B.C.’s Site C has become a cash bonfire. Hard decisions are ahead

It was obvious from the start that the Site C hydroelectric dam under construction in northeastern British Columbia was in danger of turning into a financial quagmire.

BC Hydro had wanted to build Site C for decades. It had already built two big dams on the Peace River, completed in 1968 and 1980. BC Hydro’s DNA is dams, and it hadn’t built a new one since 1984. By 2010, the BC Liberal government of the day had become gung ho for Site C, the most expensive build in the province’s history.

The bill at the time was about $6-billion. Then it was $7.9-billion. By the time the Liberals approved it in late 2014, after they had exempted it from an independent review, the bill was $8.8-billion. Once construction got under way, then Liberal premier Christy Clark vowed, in her own words, to push the project to the point of no return.

The NDP had long opposed Site C and, when the party gained power in 2017, it ordered a review by the B.C. Utilities Commission – which is what should have been done years earlier. About $2-billion had been spent by then.

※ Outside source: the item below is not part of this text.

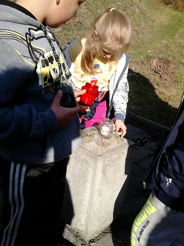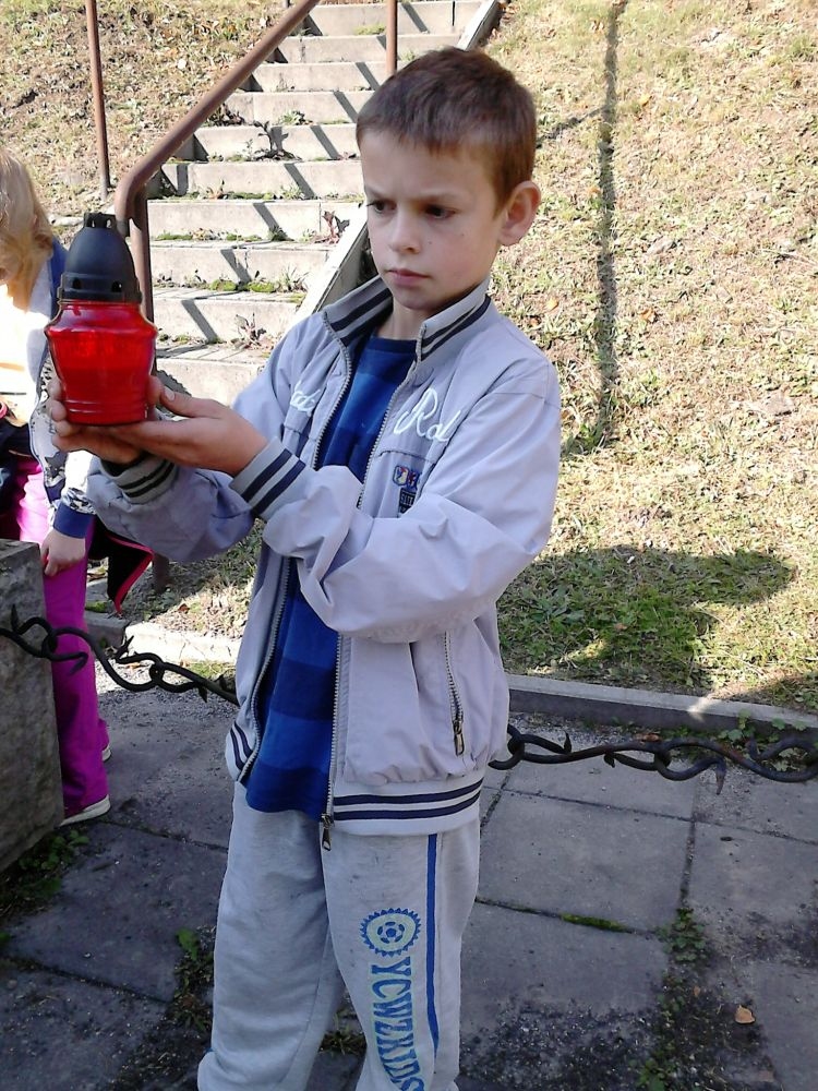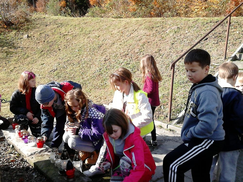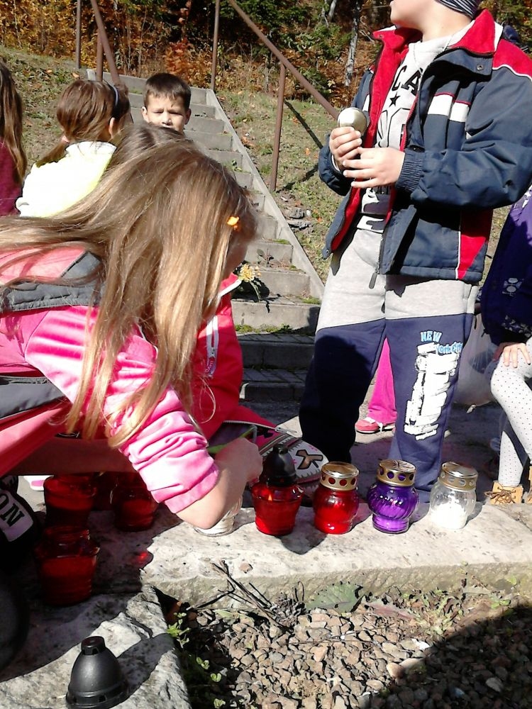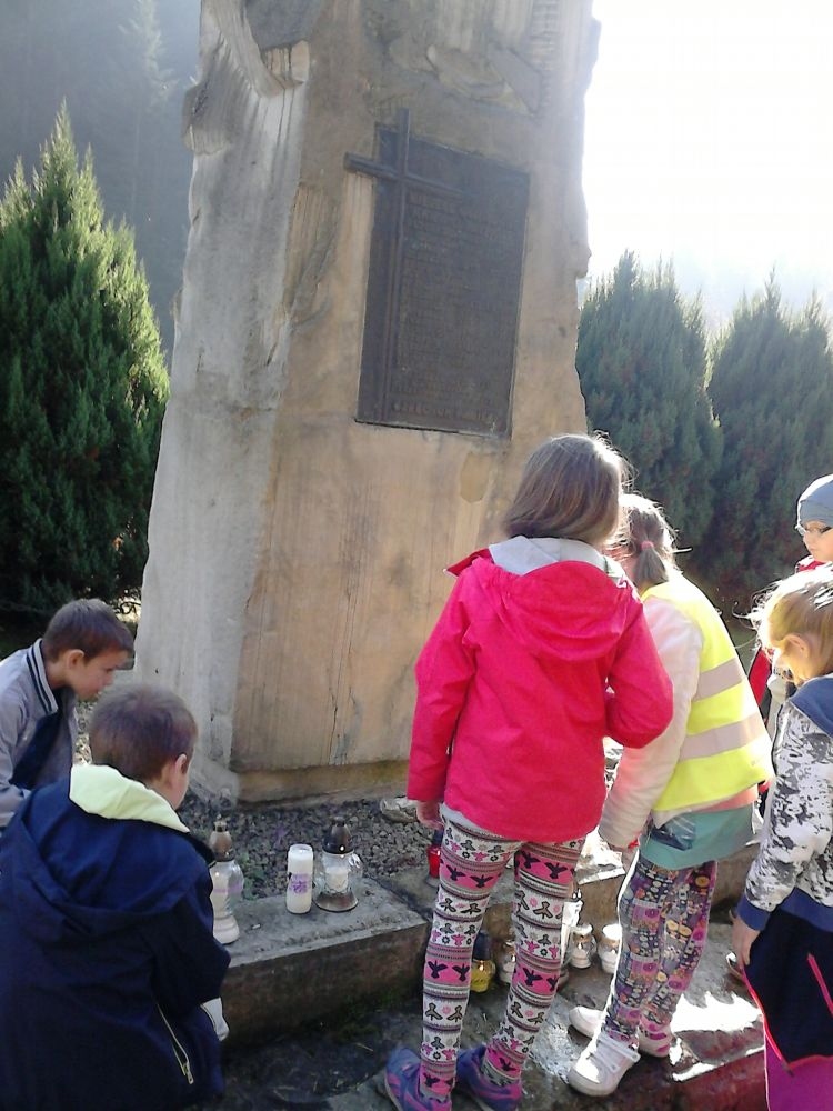 Okres przed Świętem Zmarłych, to odpowiedni moment na wspomnienie tych, którzy odeszli od nas, czas na rozmowę dotyczącą szacunku dla zmarłych. Praktyczną lekcję wychowawczą mieli tradycyjnie uczniowie starszych klas, którzy wraz z wychowawcami odwiedzili pomnik na Zworze. Dzieci zapoznały się z symboliką tego miejsca zadumy. Jak co roku, zapalili znicze w miejscu pamięci narodowej z czasów II wojny światowej - na grobie ludzi, o których należy pamiętać ze względu na ich zasługi i rolę, jaką odegrali w historii naszej Ojczyzny. Wszyscy przebywając tam, zachowywali się godnie, gdyż oddawali swoją postawą hołd poległym. Piękna jesienna pogoda sprzyjała klimatowi przeżyć duchowych.

The review found that BC Hydro’s forecast of future demand was “excessively optimistic,” and said “increasingly viable alternative energy” such as wind and geothermal could provide similar benefits. But the commission did not issue a firm yes or no, although it noted that another $2-billion would have to be spent if the project was halted for good.

Former NDP premier Mike Harcourt at the time said Site C was a “clear, unmitigated disaster.” Still, at the end of 2017, NDP Premier John Horgan decided to go ahead – as the budget spiked to $10.7-billion – believing the project was too advanced to stop.

It was the classic sunk-cost fallacy, colloquially described as throwing good money after bad.